(Stored data begins)

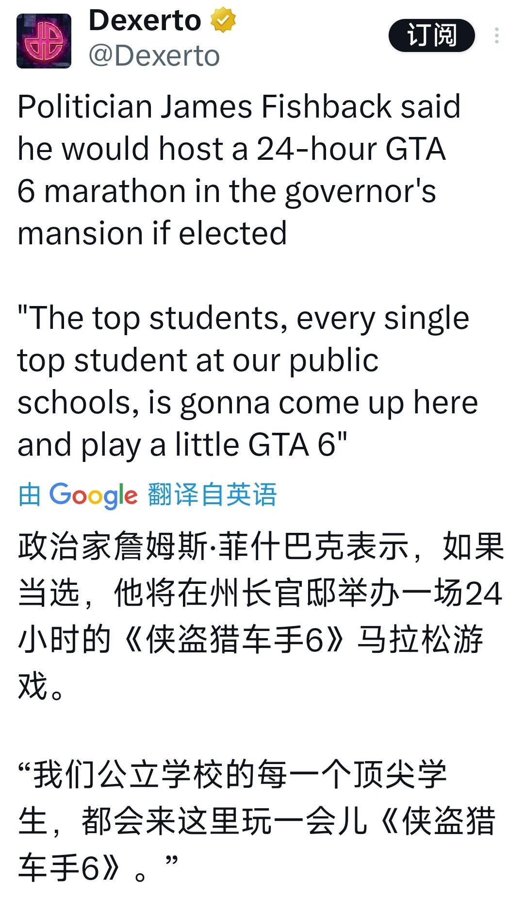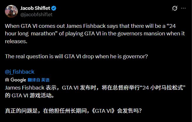 这场演讲发生在佛罗里达的户外集会现场,菲什巴克身穿深色西装,身后是热情的支持者。视频显示,他一边演讲一边手势生动,现场观众多次鼓掌,氛围热烈,他称:“当《GTA 6》终于来临时,我们将在州长官邸举办一场24小时的《GTA 6》马拉松!我们公立学校的每一位顶尖学生,都会来这里玩一玩《GTA 6》。”“听着,你们需要一位能在《GTA》里开几次劫车的州长!”
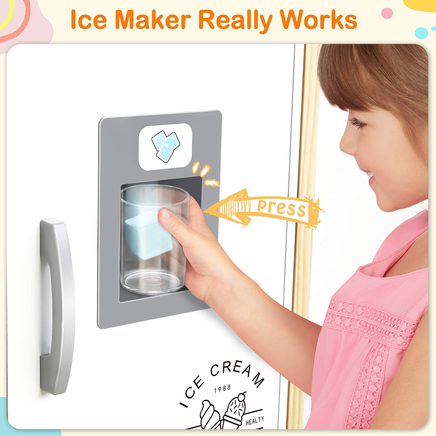 - ⭐Lots of Playable Features: The new model stove and range hood have a sim-life sound and lights with button control and automatically turn off. Kids would get endless fun with this playable oven, refrigerator, microwave oven, faucet, and removable sink.
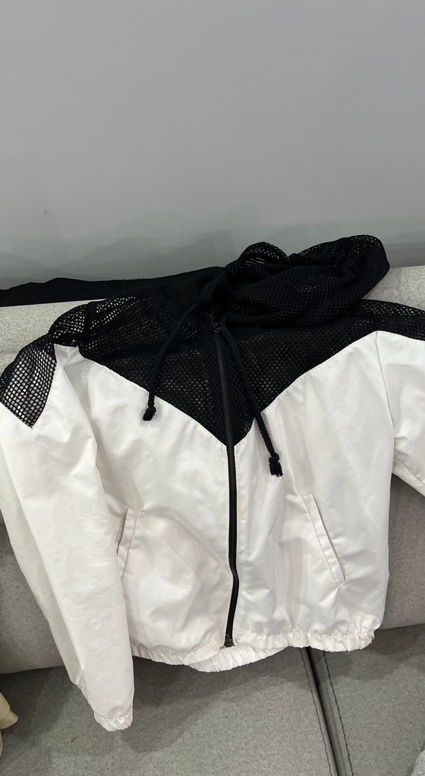 Kadın Beyaz Siyah Kapüşonlu Fermuarlı Ceket
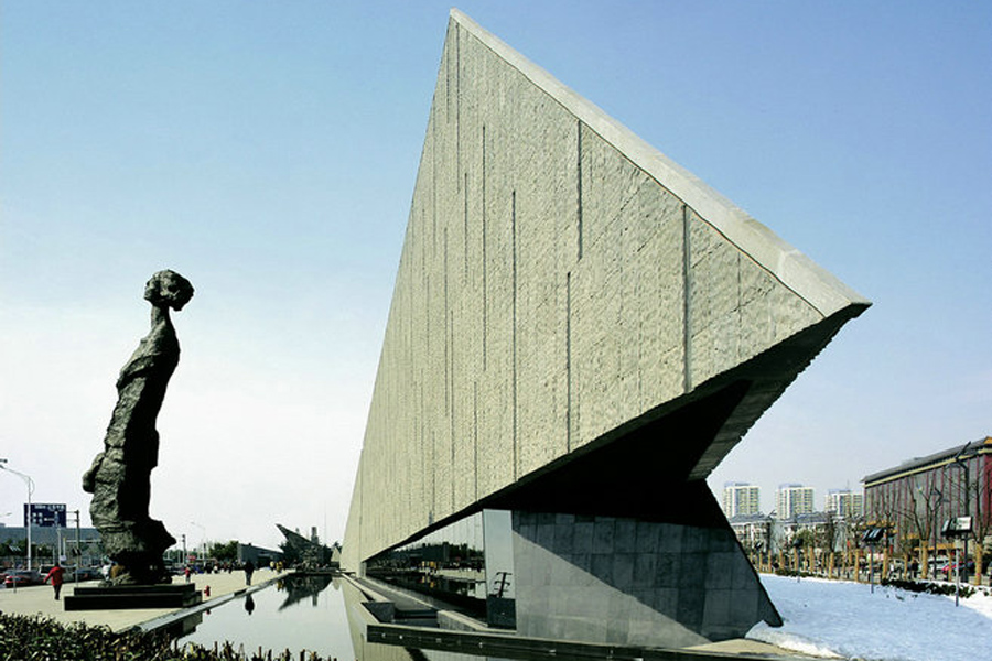 侵华日军南京大屠杀遇难同胞纪念馆突出遗址主题,尊重原有建筑,塑造整体氛围,以战争、杀戮、和平三个概念组成总体构思,由东向西顺序展开,相对应塑造了“断刀”、“死亡之庭”、“铸剑为犁”三个空间意境,形成完整空间序列。
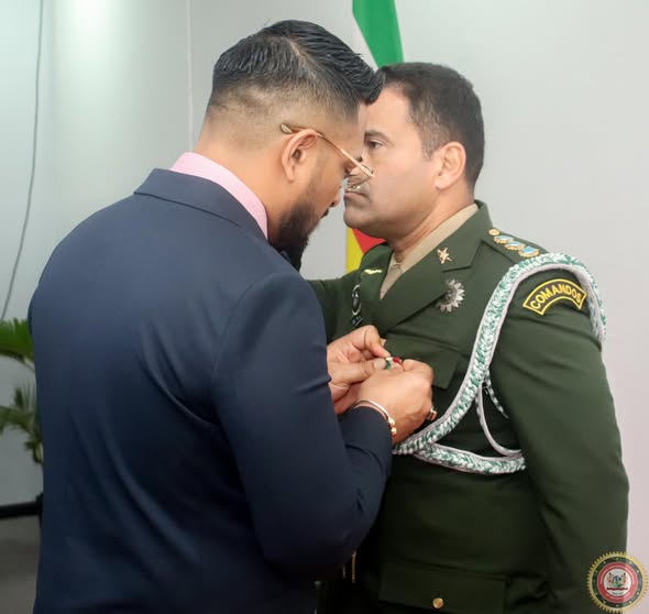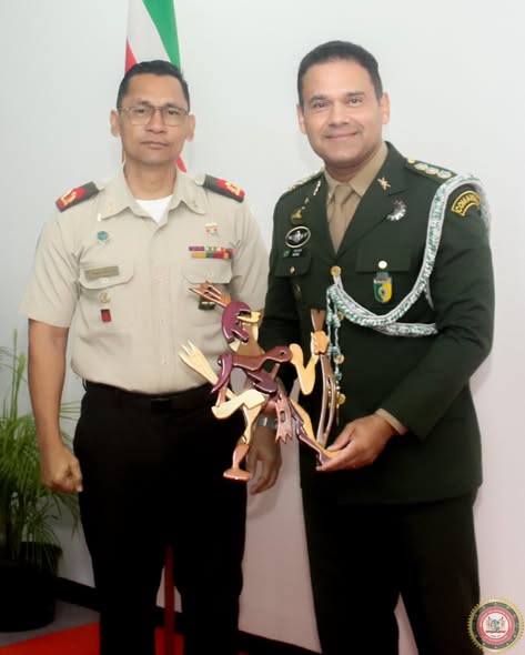 Kolonel Felipe Guimarães Rodrigues, de militaire attache van de Federatieve Republiek Brazilië, is gedecoreerd door minister Uraiqit Ramsaran van Defensie. Hij kreeg de medaille voor speciale verdiensten in de rang van commandeur. Zijn diensttijd in Suriname zit erop. De bewindsman typeerde kolonel Rodrigues als een persoon die door zijn toewijding en oprechtheid bruggen heeft gebouwd en de banden tussen landen heeft versterkt. “Kolonel Felipe, uw diensttijd in Suriname was meer dan een missie. Het was een reis van vriendschap, samenwerking en een reis van onwankelbare inzet aan het versterken van de relatie tussen Suriname en de Federale Republiek Brazilië. U vervulde niet alleen uw plichten, maar u overtrof ze. Door uw leiderschap stonden Suriname en de Federale Republiek Brazilië dichter bij elkaar en werkten ze nauwer samen. U verdiepte de militaire samenwerking met doelgerichtheid en overtuiging”, zei de bewindsman. Hij bedankte de scheidende attache vooral voor het faciliteren van de deelname van Surinaamse militairen aan diverse Braziliaanse militaire opleidingen. Al deze opleidingen hebben in grote mate bijgedragen aan de capaciteitsopbouw van het Nationaal Leger.

(Stored data ends)

Once the line with "Kadın Beyaz Siyah Kapüşonlu Fermuarlı Ceket" has been found above, output that line and every later line exactly, stopping after the line with "侵华日军南京大屠杀遇难同胞纪", and omit the pictures.

 Kadın Beyaz Siyah Kapüşonlu Fermuarlı Ceket
 侵华日军南京大屠杀遇难同胞纪念馆突出遗址主题,尊重原有建筑,塑造整体氛围,以战争、杀戮、和平三个概念组成总体构思,由东向西顺序展开,相对应塑造了“断刀”、“死亡之庭”、“铸剑为犁”三个空间意境,形成完整空间序列。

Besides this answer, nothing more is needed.